> [Your goal]
Skip the pictures. Give all the data again exactly.

> [Raw data]
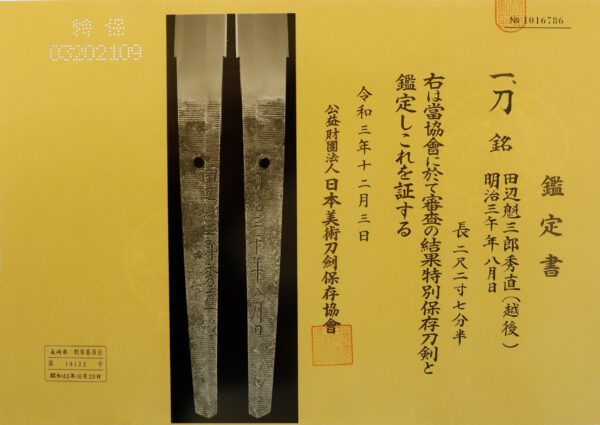 It is appraised as a Tokubetsu Hozon Token(特別保存刀剣) issued by NBTHK(Nihon Bijutsu Touken Hozon Kyokai:日本美術刀剣保存協会). This authentication paper was only given to authentic Japanese swords, especially well preserved and high quality with artistic value.
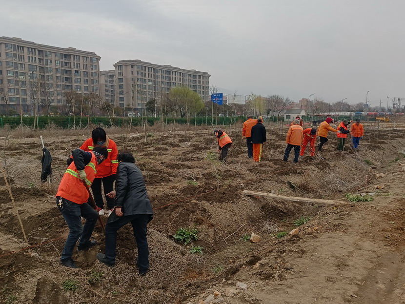 春风拂面,大地添绿。当下正是植树造林的好时节,益丰园林公司抢抓春季黄金期,正在80亩苗圃基地进行果苗移植,时间紧、任务重、人手少,绿化分公司党支部组织安排20余名党员及生产骨干火速“增援”,高质高效完成此项工作。
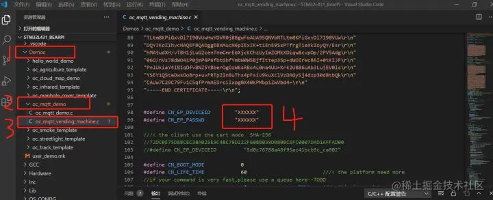 修改Demosoc_mqtt_demooc_mqtt_vending_machine.c文件,把云平台的设备ID和密码(之前在记事本保存好的),分别替换第98和第99的xxxxxx。
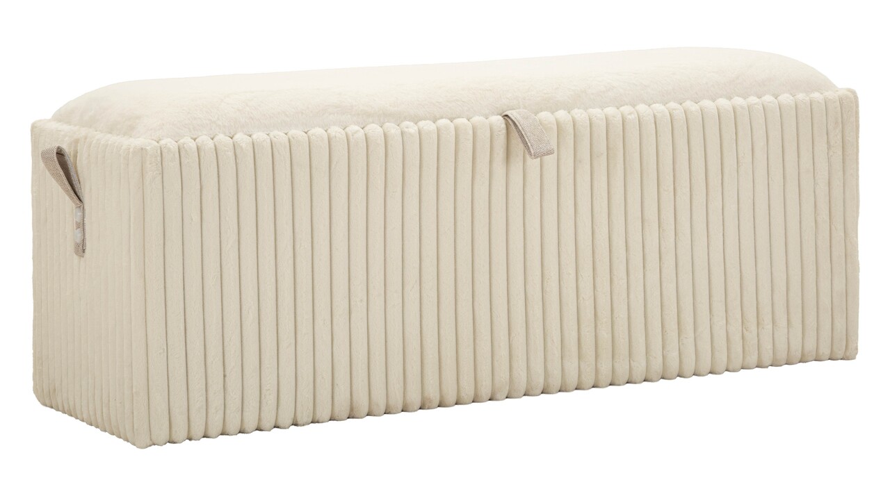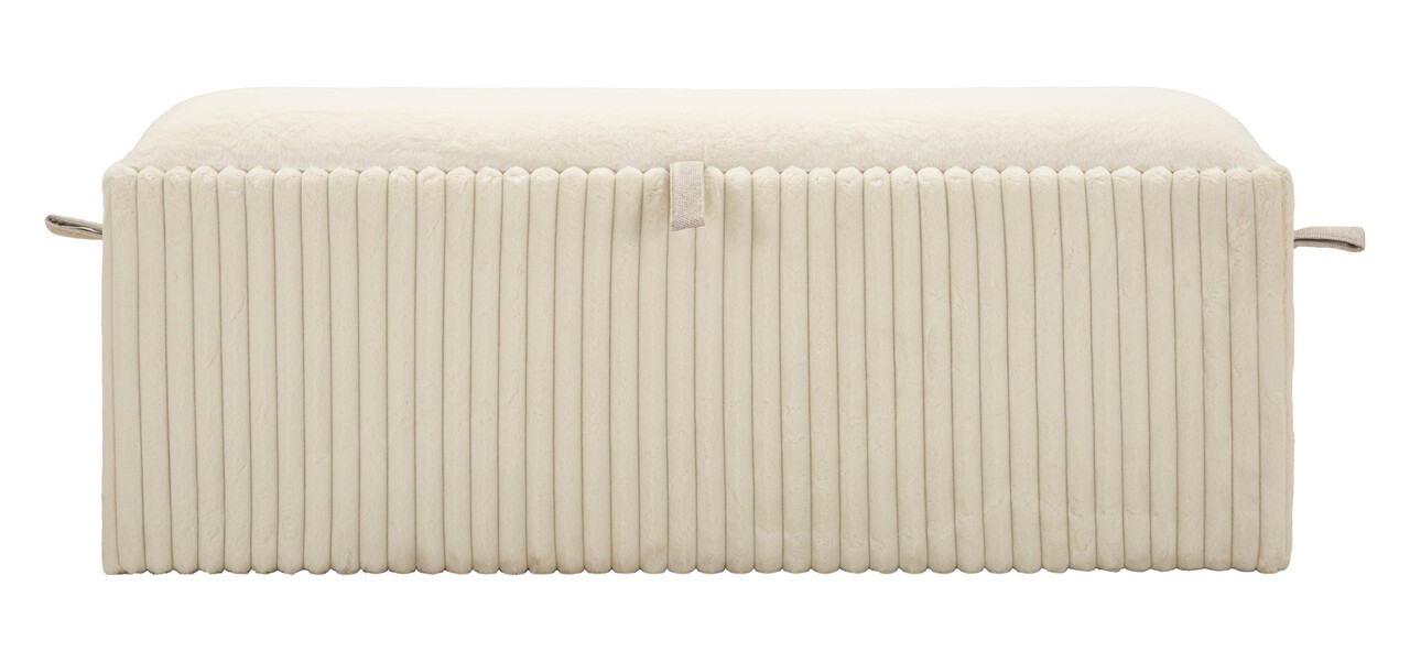 Liniile verticale delicate si tesatura plisata transforma aceasta banca intr-o piesa de mobilier eleganta si functionala. Practica datorita spatiului de depozitare si rafinata ca loc de sedere, aduce un aer scandinav incaperii.Compozitie material: MDF, burete, poliester.

> [Response]
 It is appraised as a Tokubetsu Hozon Token(特別保存刀剣) issued by NBTHK(Nihon Bijutsu Touken Hozon Kyokai:日本美術刀剣保存協会). This authentication paper was only given to authentic Japanese swords, especially well preserved and high quality with artistic value.
 春风拂面,大地添绿。当下正是植树造林的好时节,益丰园林公司抢抓春季黄金期,正在80亩苗圃基地进行果苗移植,时间紧、任务重、人手少,绿化分公司党支部组织安排20余名党员及生产骨干火速“增援”,高质高效完成此项工作。
 修改Demosoc_mqtt_demooc_mqtt_vending_machine.c文件,把云平台的设备ID和密码(之前在记事本保存好的),分别替换第98和第99的xxxxxx。
 Liniile verticale delicate si tesatura plisata transforma aceasta banca intr-o piesa de mobilier eleganta si functionala. Practica datorita spatiului de depozitare si rafinata ca loc de sedere, aduce un aer scandinav incaperii.Compozitie material: MDF, burete, poliester.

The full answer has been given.